Wal Timmy ist wohl t.o.t – am Samstag soll Gewebeprobe untersucht werden (Fotos)

Kopenhagen · Der Wal-Kadaver vor Dänemark beschäftigt Forscher. Gewebeproben wurden entnommen. Noch aber gaben sie keinen Aufschluss darauf, ob es sich bei dem verendeten Tier tatsächlich um Timmy handelt, der zunächst an der deutschen Ostseeküste gestrandet war.

 

TRAURIGE WENDE um „Timmy“: Neue Gewebeprobe könnte jetzt die schlimmste Befürchtung bestätigen

Das Schicksal des berühmten Buckelwals „Timmy“ bewegt weiterhin Millionen Menschen — doch die neuesten Entwicklungen lassen die Hoffnung immer kleiner werden. Vor der Küste von Dänemark treibt weiterhin ein toter Buckelwal im Wasser, und nun sollen neue DNA-Untersuchungen endgültige Klarheit bringen.

Viele befürchten inzwischen das Schlimmste.

Gewebeprobe wird untersucht

Nach aktuellen Berichten haben Forscher bereits Gewebeproben des toten Wals entnommen. Die DNA-Analyse soll nun zeigen, ob es sich tatsächlich um den Buckelwal handelt, der im März an der deutschen Ostseeküste gestrandet war und später als „Timmy“ bekannt wurde.

Die Untersuchungen laufen offenbar bereits.

Und genau diese Ergebnisse könnten nun das traurige Ende einer Geschichte bestätigen, die wochenlang Menschen in ganz Deutschland bewegte.

Tierärztin erneut vor Ort

Auch Mecklenburg-Vorpommerns Umweltminister Till Backhaus kündigte weitere Untersuchungen an. Eine Tierärztin soll den Kadaver erneut begutachten.

Die Bilder vor Ort werden unterdessen immer bedrückender.

Denn inzwischen haben sich Möwen über den toten Meeressäuger hergemacht, der nur wenige Meter vor der Küste liegt.

Viele Experten hatten bereits Angst um Timmy

Schon nach der aufwendigen Rettungsaktion Anfang Mai hatten zahlreiche Tierwissenschaftler Zweifel geäußert, ob der geschwächte Wal überhaupt noch überleben könne.
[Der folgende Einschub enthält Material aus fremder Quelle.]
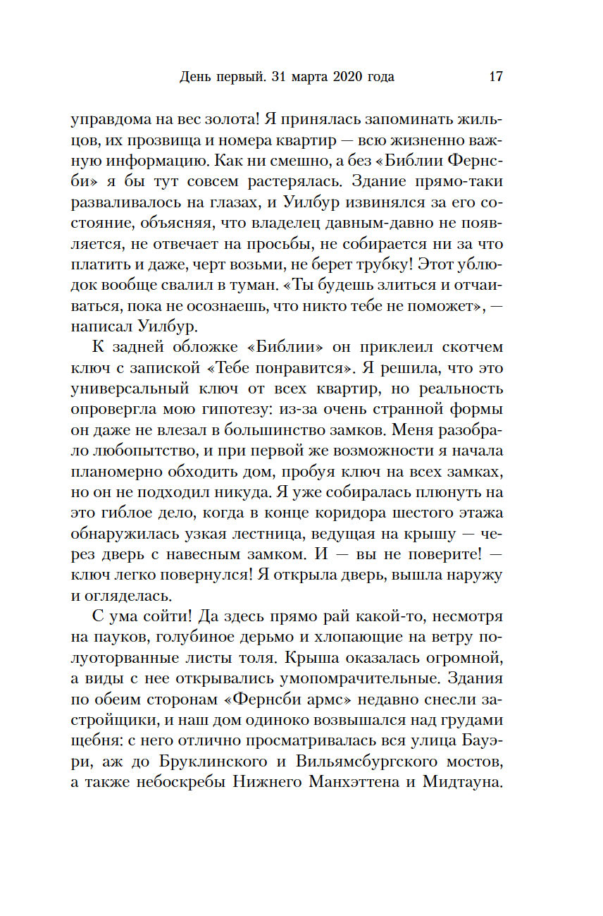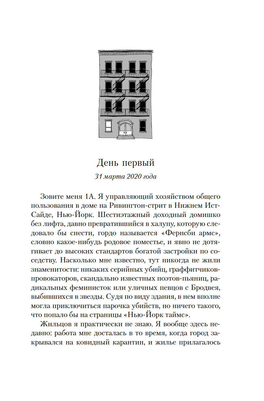 Напуганные локдауном жильцы нью-йоркской многоэтажки по ночам выбираются на крышу, чтобы рассказывать и слушать истории. Кто-то вспоминает о леденящем контакте с призраком, кто-то вдохновенно читает стихи Марины Цветаевой, а вот этот сосед толкует о том, как научить враждующих кроликов уживаться друг с другом... На импровизированные собрания приходит все больше народу, не подозревая о том, что каждая история тайно записывается одним из присутствующих и сопровождается комментарием. Чем закончатся все эти разговоры?..
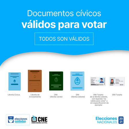 Se trata de la Libreta Cívica, la Libreta de Enrolamiento, el DNI Libreta Verde, el DNI Libreta Celeste, y el DNI tarjeta están en la lista de la Cámara Nacional Electoral.
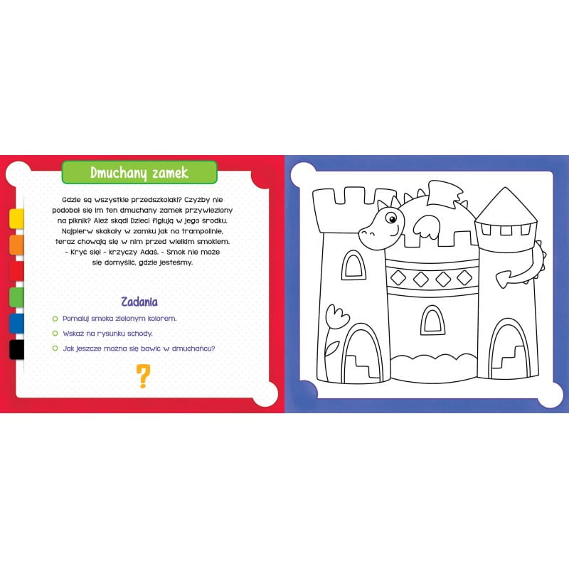 W tej książeczce dzieci mogą pokolorować obrazki i przeczytać m.in.:

Zu lange hatte Timmy in flachen Küstengebieten verbracht.
Zu groß waren die Strapazen der vergangenen Wochen.

Einige Experten vermuteten sogar, dass das Tier bereits krank gewesen sein könnte.
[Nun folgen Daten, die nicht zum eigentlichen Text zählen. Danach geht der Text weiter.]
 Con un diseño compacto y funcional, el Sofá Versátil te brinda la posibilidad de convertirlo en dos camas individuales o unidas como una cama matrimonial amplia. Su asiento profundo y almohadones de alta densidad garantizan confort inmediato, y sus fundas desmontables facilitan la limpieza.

Rätsel um den verschwundenen Sender

Zusätzliche Fragen wirft weiterhin der GPS-Sender auf, der laut der privaten Rettungsinitiative am Wal befestigt worden sein soll.

Denn bei den bisherigen Untersuchungen wurde kein Peilsender entdeckt.
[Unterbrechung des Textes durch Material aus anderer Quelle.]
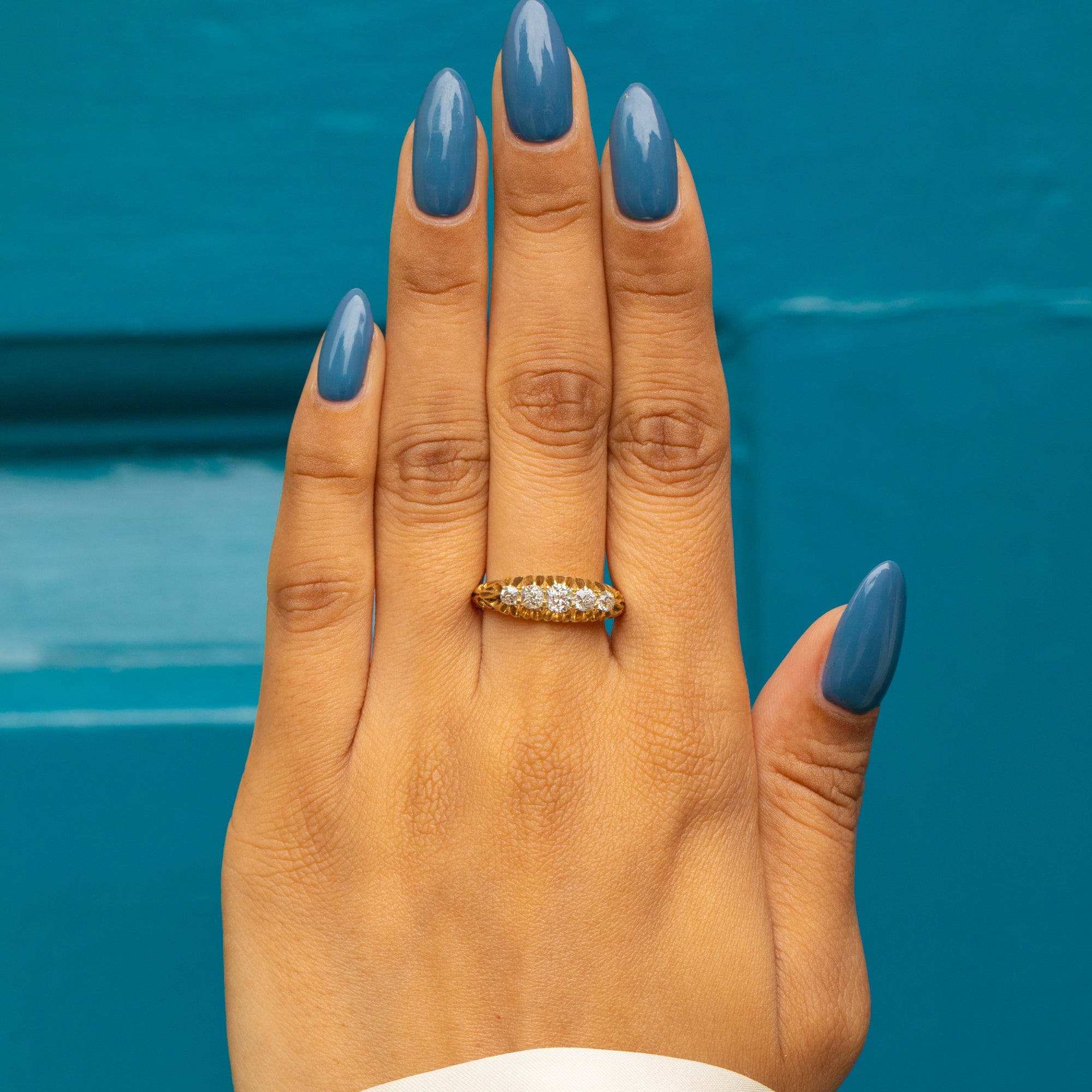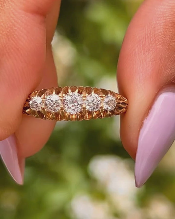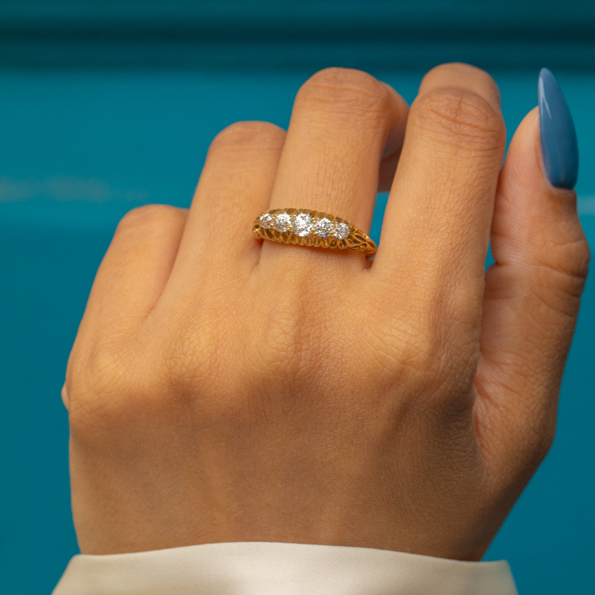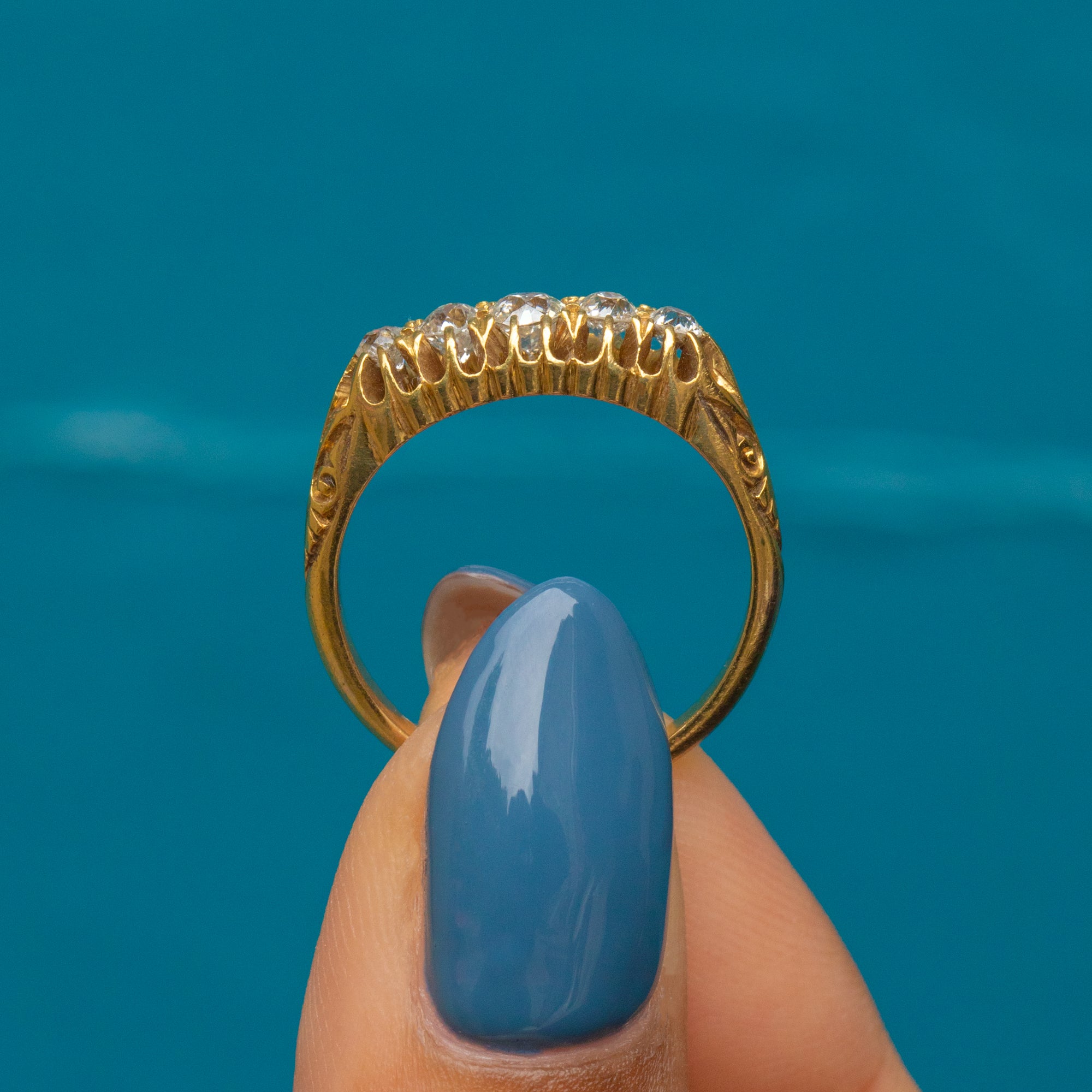 アンティーク 18ct ゴールド ダイヤモンド ファイブストーン リング、0.50ct

Seit der Freilassung am 2. Mai gab es außerdem keinerlei Ortungsdaten mehr — ein Umstand, der mittlerweile auch Kritik und Diskussionen ausgelöst hat.

Erste Bilder schockieren viele Menschen

Die inzwischen veröffentlichten Fotos des Kadavers sorgen online für tiefe Betroffenheit. Auf den Aufnahmen wirkt die Haut des Wals bereits stark angegriffen.

Und die Vorstellung, dass es sich dabei tatsächlich um Timmy handeln könnte, trifft viele Menschen emotional hart.

“Das ist einfach nur traurig.”
“Nach allem, was er durchgemacht hat…”
“Man wollte ihm helfen — und jetzt endet es vielleicht so.”

Die Reaktionen im Netz werden immer emotionaler.

Gefahr bei den Untersuchungen

Laut dänischen Medien gestaltet sich die Untersuchung des Tieres schwierig und gefährlich. Durch Verwesungsgase im Inneren des Kadavers könne es sogar zu einer Explosion kommen.

Deshalb müssen die Experten bei der Entnahme weiterer Proben äußerst vorsichtig vorgehen.

“Die Hoffnung schwindet”

Während die endgültigen Ergebnisse der DNA-Analyse noch ausstehen, haben viele Beobachter inzwischen das Gefühl, dass die traurige Wahrheit kaum noch aufzuhalten ist.

Denn immer mehr Details scheinen darauf hinzudeuten, dass der tote Buckelwal vor Anholt tatsächlich „Timmy“ sein könnte.

Und damit könnte eine Geschichte, die Millionen Menschen wochenlang begleitet hat, ihr tragischstes Ende gefunden haben.